### Source information

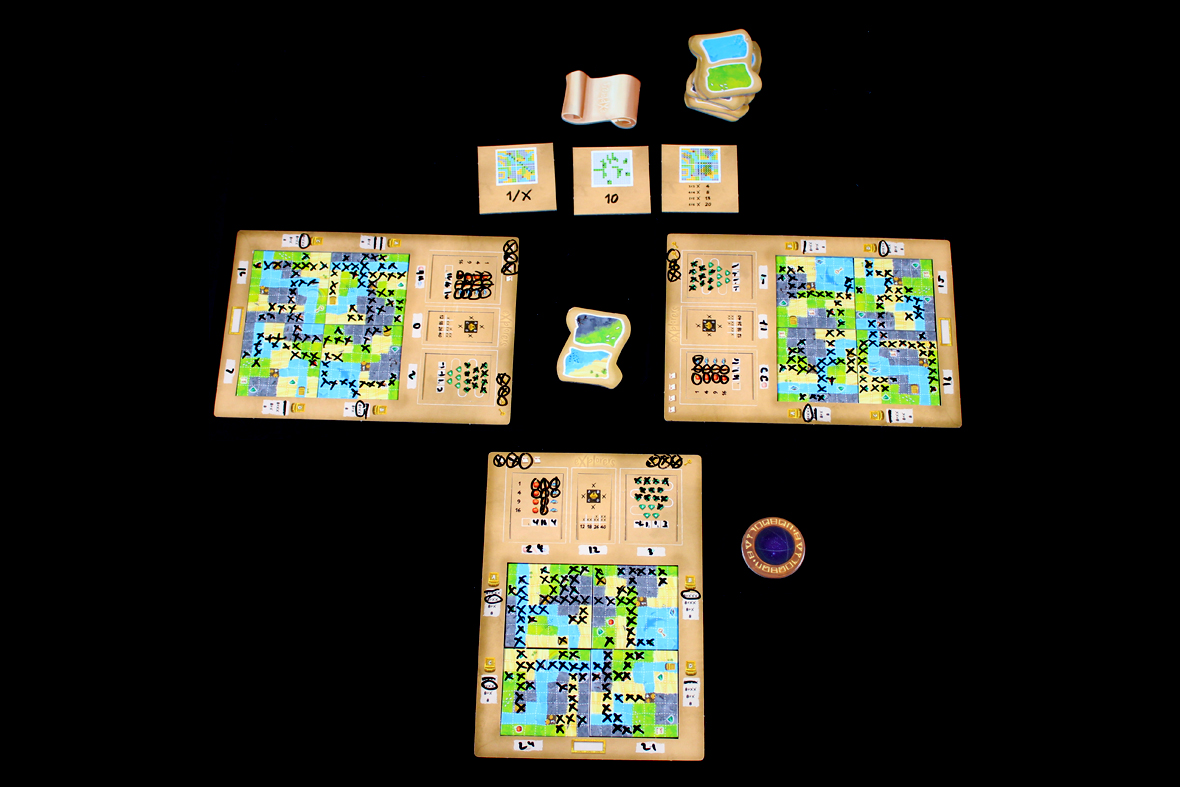 There aren’t a ton! Players don’t really interact with each other; they just primarily interact with the Active Player, since the Active Player chooses which terrain is the Active Terrain. There’s some racing elements, but they’re not too interactive (or too bad). You can kind of see when a player is getting close to scoring, granted, but you can’t really do anything about that beyond beating them to it. Since all the turns are simultaneous, the game time isn’t even really extended all that much (unless you have a player who’s very indecisive, but then again, there aren’t all that many places you can go). I like that! It means you get a lot of interesting and complex options since everyone is doing some similar things and some different things. But, as a cool bonus, it also means that you don’t see a ton of difference between player counts. To some degree, more players means more competition for the racing elements, but there are also more opportunities for players to score for the various racing elements, so I think it mostly evens out. I don’t really have a preference for a player count for Explorers; I’m happy to try it at two, three, or four.
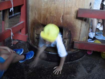 その後は、柱の穴くぐりに挑戦しました。くぐり抜けると無病息災や願いがかなうといわれている柱の穴くぐり。子どもたちは、見事通り抜けることに成功しました!
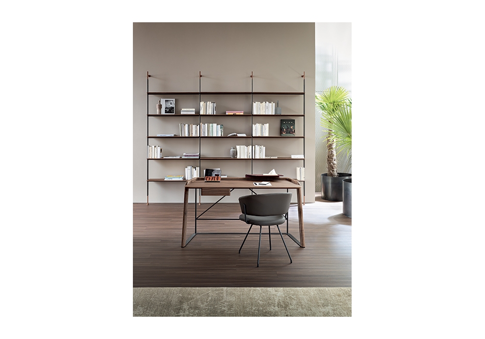 Scriba diseñada por Mauro Lipparini para Bonaldo es un escritorio con tapa de madera y patas delanteras. La estructura metálica está disponible en diferentes variantes. Es posible añadir una balda de piel en varios colores (consultar con nuestro Servicio de Atención al Cliente).
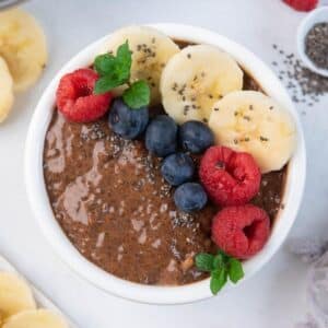 Chia pudding is one of those foods that tastes like a decadent dessert but is actually a nourishing meal. This one is extra rich with the combination of chocolate and
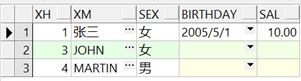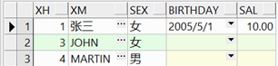 INSERT INTO student(xh, xm, sex, birthday) VALUES (004, ‘MARTIN’, ‘男’, null);
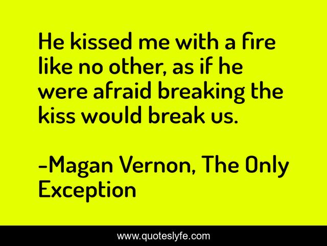This page presents the quote "He kissed me with a fire like no other, as if he were afraid breaking the kiss would break us.". Author of this quote is Magan Vernon, The Only Exception. This quote is about new-adult, the-only-exception,.
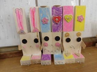 丸や星形など決まった板のパーツを組み合わせて形にしていきますが、どこに釘を打つかも一人一人違っており、思い思いの作品ができました。とてもかわいらしいですね。
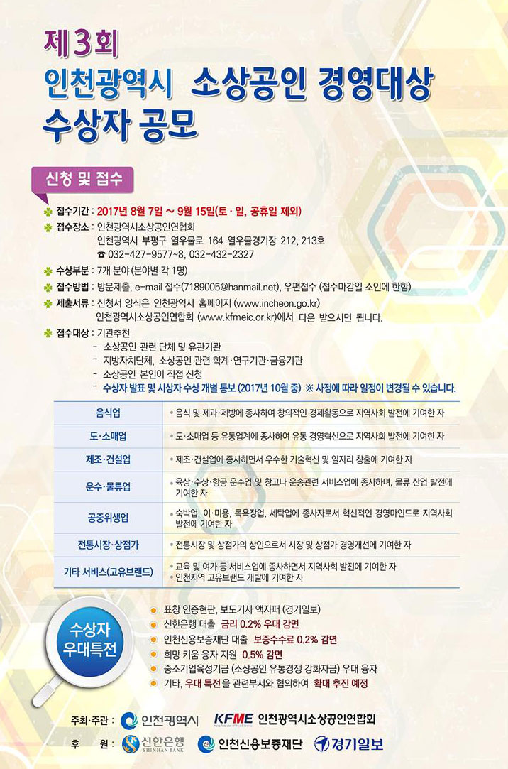 제3회 인천 소상공인 경영대상 수상자를 공모합니다.
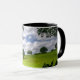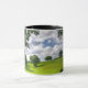 Árvores e ovelhas no campo nesta relaxante cena real. Sip e sonhe fora.
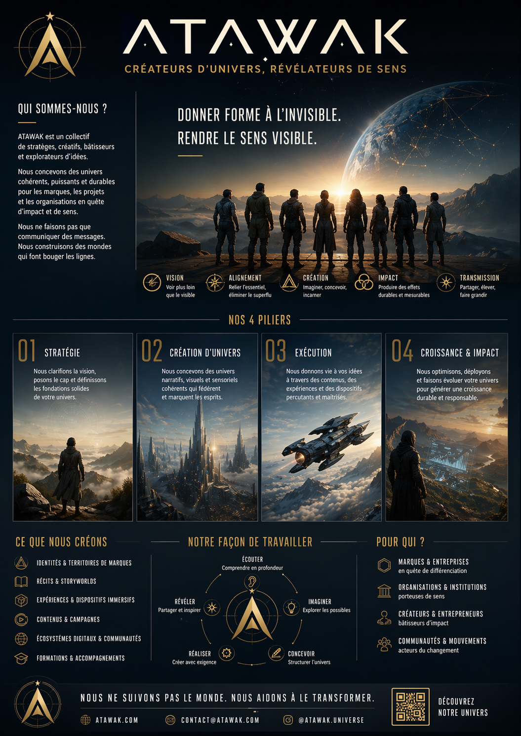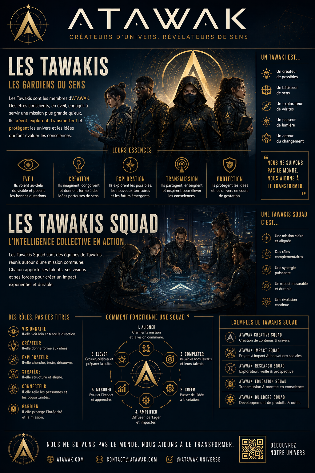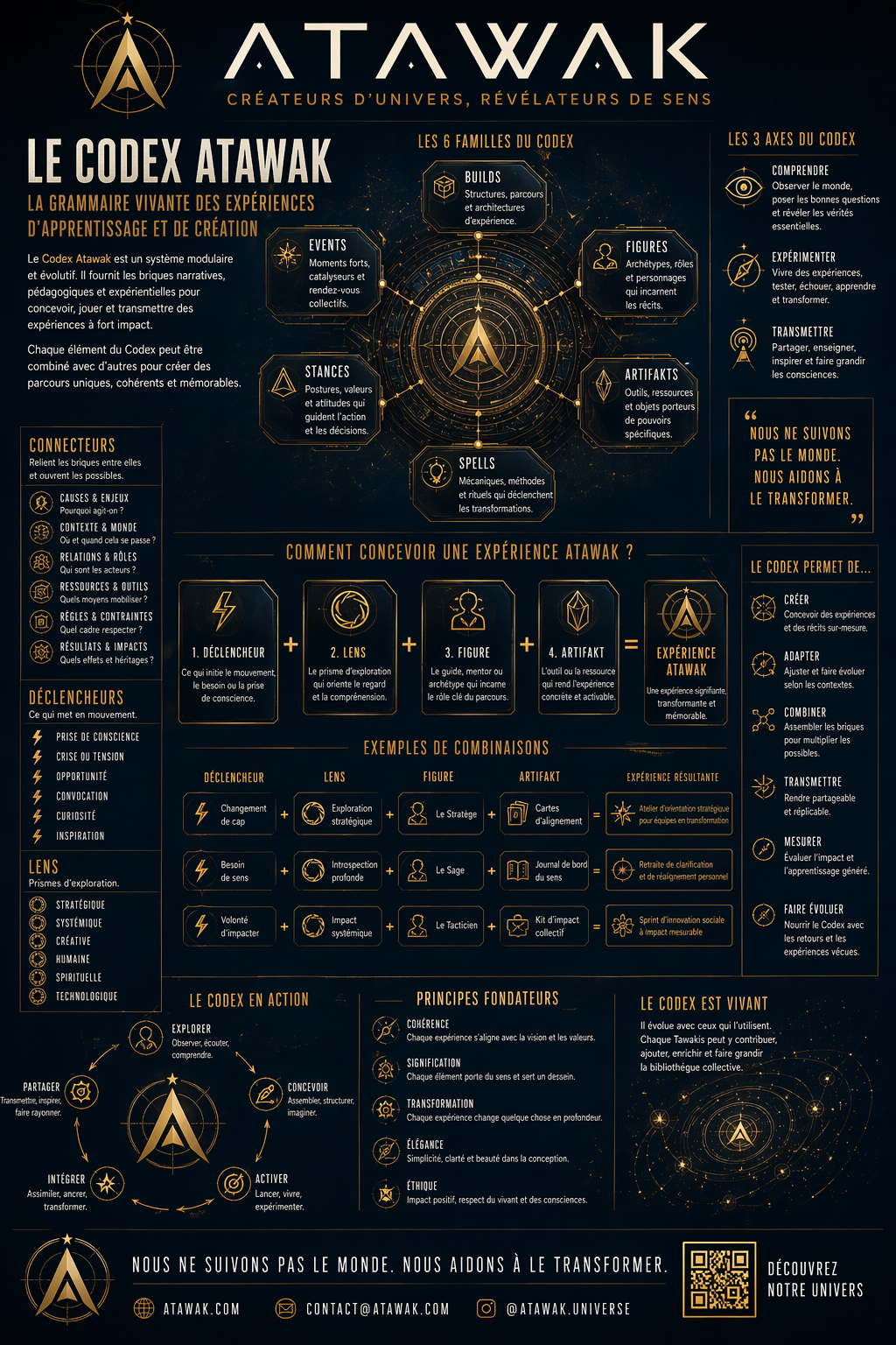 Petit test GPT-Image-2 en passant : j’ai demandé à ChatGPT de me créer un triptyque d’infographies à partir de ce qu’il savait déjà de mon univers : ATAWAK, les Tawakis et le Codex.
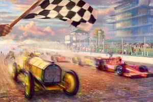 Step foot into a crisp autumn evening at Apple Hill. The light fall breeze, coupled with the bountiful harvest of pumpkins and colorful mums lining the pathway inspire feelings of serenity and comfort, only found on a tranquil Autumn evening. As the sun sets, brilliant colors of gold, scarlet, lavender, and blue paint the sky and reflect upon the transforming landscape and foliage. Autumn memories of picking apples from the trees and walking through the pumpkin patch looking for just the right pumpkin are captured in Autumn at Apple Hill. In the distance you can see the quaint village where you’ll find the bounty of Autumn: candied apples, homemade applesauce, apple butter, apple fritters and turnovers, and fresh pumpkin and apple pie. Autumn at Apple Hill is only the third Kinkade painting to have pumpkins painted into the scene. The last painting to honor “Apple Hill” was done in 1992 by Thomas Kinkade.
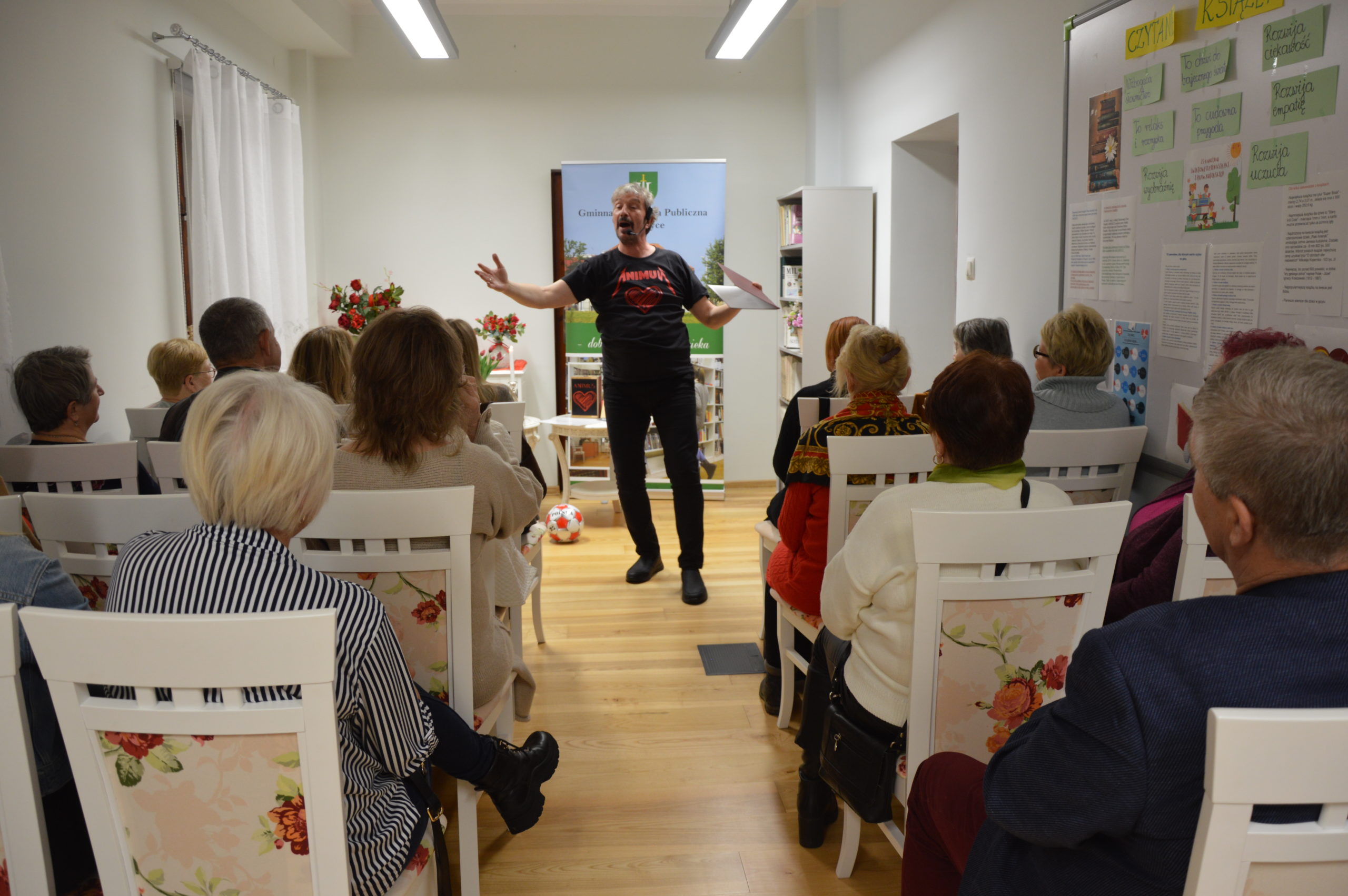 21 listopada 2025 roku w Gminnej Bibliotece Publicznej w Medyce odbył się wyjątkowy wieczór poetycko-aktorski pt. „Animus – Serce moje” sfinansowany przez Gminną Bibliotekę Publiczną w Krasiczynie pełniącą funkcję biblioteki powiatowej. W kameralnej, pełnej ciepła atmosferze mieszkańcy spotkali się z twórczością poetycko-aktorską Piotra Pilarskiego, który zabrał publiczność w emocjonalną podróż poprzez słowo, gest i muzykę. Artysta zaprezentował wiersze pełne wrażliwości, refleksji i życiowej mądrości, a jego interpretacje poruszały i skłaniały do zatrzymania się nad tym, co w codziennym życiu najważniejsze. Recital wzbudził wiele wzruszeń, a niektóre fragmenty publiczność nagrodziła spontanicznymi brawami. Po występie uczestnicy mieli okazję porozmawiać z artystą, zakupić tomik poezji oraz otrzymać osobistą dedykację. Spotkanie przebiegło w serdecznej atmosferze i stało się pięknym wydarzeniem artystycznym, które na długo pozostanie w pamięci uczestników. Dziękujemy wszystkim mieszkańcom za tak liczne przybycie i wspólne przeżywanie tego wyjątkowego wieczoru.

######

_What to do_
Return exactly the lines of the material above, starting at the line containing "Chia pudding is" and finishing at the line containing "Petit test GPT-Image-2", without any pictures.

_Problem solution_
 Chia pudding is one of those foods that tastes like a decadent dessert but is actually a nourishing meal. This one is extra rich with the combination of chocolate and
 INSERT INTO student(xh, xm, sex, birthday) VALUES (004, ‘MARTIN’, ‘男’, null);
This page presents the quote "He kissed me with a fire like no other, as if he were afraid breaking the kiss would break us.". Author of this quote is Magan Vernon, The Only Exception. This quote is about new-adult, the-only-exception,.
 丸や星形など決まった板のパーツを組み合わせて形にしていきますが、どこに釘を打つかも一人一人違っており、思い思いの作品ができました。とてもかわいらしいですね。
 제3회 인천 소상공인 경영대상 수상자를 공모합니다.
 Árvores e ovelhas no campo nesta relaxante cena real. Sip e sonhe fora.
 Petit test GPT-Image-2 en passant : j’ai demandé à ChatGPT de me créer un triptyque d’infographies à partir de ce qu’il savait déjà de mon univers : ATAWAK, les Tawakis et le Codex.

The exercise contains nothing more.